The Republican responses to his State of the Union were telling. Even when the President highlighted accomplishments that are traditionally thought of as centerpieces of Republican policy (such as tax cuts, which the Obama administration and Democrats delivered to 95 percent of working people), they remained stoic and silent in their seats. Obama even vocalized his surprise at their lack of positive response, remarking that he thought he was sure to get applause for that.
He shouldn’t have been surprised. Nothing the Republican Party has done during his first year in office has even remotely suggested that they are at all interested in helping the President govern. Some prominent Republicans have openly remarked that they want Obama to fail — nearly all have echoed this sentiment through their actions as senators and representatives.
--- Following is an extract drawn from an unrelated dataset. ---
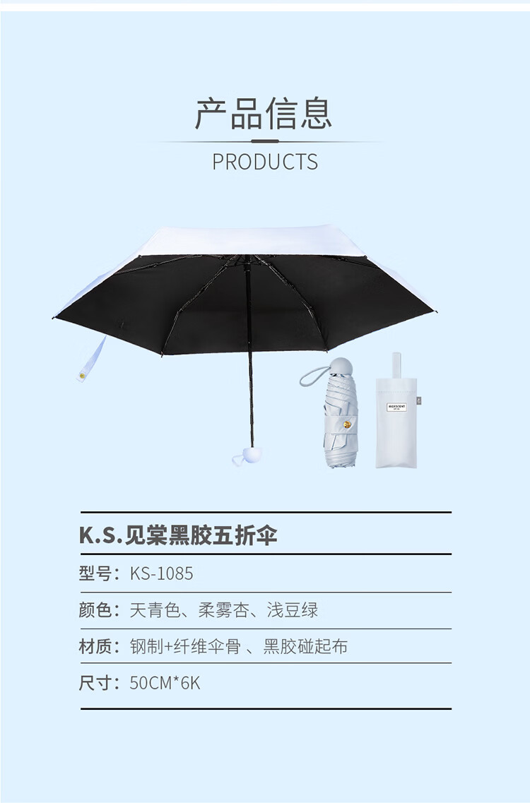K.S.见棠黑胶五折伞KS-1085

With a lack of leadership from the White House, the Republicans have succeeded in compromising and stalling the Democrats’ signature health care bill without giving anything in return. And so I was disappointed when Obama seemed to make the same mistake in his speech. He voiced support for health care reform, but essentially left the issue to Congress by neglecting to put forward anything specific and to draw any line around core values from which he will not stray.
However, if his upcoming (and to be televised!) meeting with congressional Republicans (unless they back out, which after the thrashing meted out last week, would not surprise me) regarding health care is anything like his trip into the lion’s den last week, then perhaps there is hope. Obama stared the Party of No in the face and said, “Yes I will answer your questions and your talking points, and I will do it on live television.” It was the kind of frank, transparent and politely combative moment that Americans need to see more of from their politicians.
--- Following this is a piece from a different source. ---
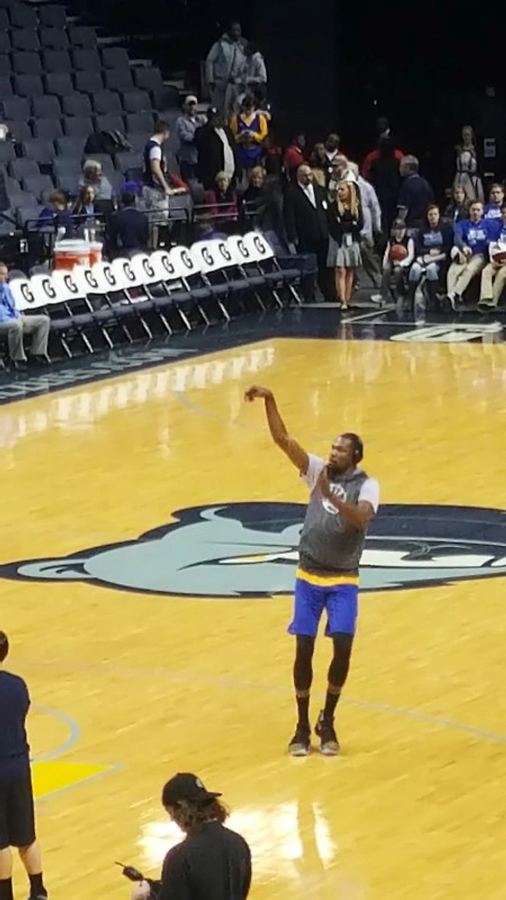 Тем временем на площадку подтянулись другие игроки – в частности Томпсон и Дюрант. Дюрант вызвал не меньший переполох среди молодежи. Было очень забавно как все они протягивали ему майки с номером 30 для подписи. Но он когда выходил не обратил на них никакого внимания – тем более он и на площадку решил выйти в наушниках. Прямо в них так и разминался. И он и Томпсон в основном на разминке кидали дальние броски, хотя Томпсон еще поотрабатывал проходы. Оба особенно не напрягались, хотя и не дурачились совсем как Стэф и бросали нормально, без приколов. Но до трудяги Зазы им было далеко. Грина я вообще не заметил на разминке – возможно он размялся раньше всех. Прямо возле выхода из раздевалок местные журналисты пытали Керра – он что то им рассказывал, но было не слышно что именно.

The Republican narrative since the start of summer has been wildly successful among their own base, and the President finally began to take them head on. As it stands, a Research 2000 poll released last week of self-identified Republicans found that 36 percent still do not believe the President was born in the United States; 63 percent believe that he is a socialist; 24 percent believe that he “wants the terrorists to win”; 53 percent believe that Sarah Palin is more qualified than he to be president; 31 percent believe that he is a racist; 23 percent believe their state should secede from the union.
That’s not a base for whom compromise is desirable, and any Republican running for reelection knows that unless they want to find themselves like Dede Scozzafava facing a tough tea-bag primary challenge, working with this President is not an option.
Yet fortune may have thrown the Democrats a bone this week, with Republican Rep. Paul Ryan’s introduction of the Republican budget plan. Unlike their budget plan from earlier this summer, this one actually contains numbers, and not just vague Venn diagrams. Like the Republican budget plan from the summer, it is also incredibly stupid politically. It essentially calls for the extension of the Bush tax cuts to the wealthiest Americans (the largest single contributor to the massive increase in national debt under Bush, and the current deficits) at the expense of privatizing Social Security and Medicare, while finally balancing the budget in 2080 … “Really, all that pain and no gain until 2080!” This from a party that merely months ago was wailing about how the Democrats wanted to pull the plug on grandma for targeted cuts at Medicare inefficiencies.
With this bill, the Democrats must do what they should have been doing all along: force votes. Voting is the political equivalent of put up or shut up, and it’s time for the Republicans to either show their true colors, or shut the hell up. Any Republican who casts a vote in favor of privatizing Social Security and Medicare is sure to reap electoral wrath in November, and if Republicans vote down their own budget plan, it clears the way for Democrats to push through theirs uncontested.